Content starts
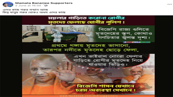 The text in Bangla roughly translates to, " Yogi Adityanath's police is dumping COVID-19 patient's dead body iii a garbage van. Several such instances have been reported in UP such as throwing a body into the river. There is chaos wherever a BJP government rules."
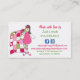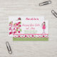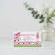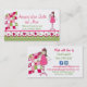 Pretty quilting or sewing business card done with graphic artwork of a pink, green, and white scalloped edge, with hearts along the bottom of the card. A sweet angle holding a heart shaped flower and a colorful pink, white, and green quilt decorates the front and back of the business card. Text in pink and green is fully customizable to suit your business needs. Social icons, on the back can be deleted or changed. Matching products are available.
Content ends
Content starts
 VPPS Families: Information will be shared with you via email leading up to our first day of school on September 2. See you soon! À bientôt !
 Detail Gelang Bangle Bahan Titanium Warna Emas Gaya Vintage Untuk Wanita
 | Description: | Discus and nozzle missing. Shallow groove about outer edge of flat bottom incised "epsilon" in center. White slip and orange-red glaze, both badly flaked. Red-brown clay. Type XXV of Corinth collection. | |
Content ends
Content starts
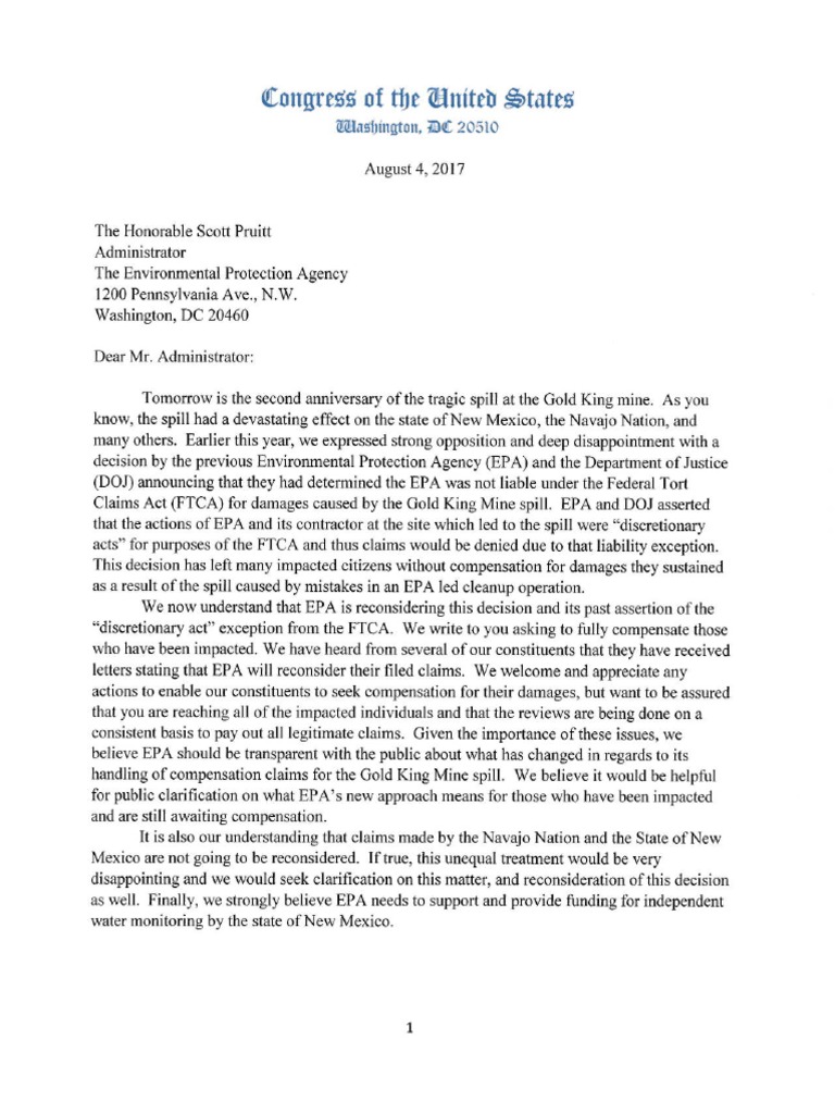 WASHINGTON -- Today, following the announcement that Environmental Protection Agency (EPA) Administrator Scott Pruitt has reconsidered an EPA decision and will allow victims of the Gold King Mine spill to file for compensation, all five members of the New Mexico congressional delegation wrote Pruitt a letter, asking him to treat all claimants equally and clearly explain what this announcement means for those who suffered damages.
Content ends
Work to be completed:
In the listing above, find the line with "The text in" and the line with "Pretty quilting or". Copy exactly those two and every line between, without the pictures.

Answer to this exercise:
 The text in Bangla roughly translates to, " Yogi Adityanath's police is dumping COVID-19 patient's dead body iii a garbage van. Several such instances have been reported in UP such as throwing a body into the river. There is chaos wherever a BJP government rules."
 Pretty quilting or sewing business card done with graphic artwork of a pink, green, and white scalloped edge, with hearts along the bottom of the card. A sweet angle holding a heart shaped flower and a colorful pink, white, and green quilt decorates the front and back of the business card. Text in pink and green is fully customizable to suit your business needs. Social icons, on the back can be deleted or changed. Matching products are available.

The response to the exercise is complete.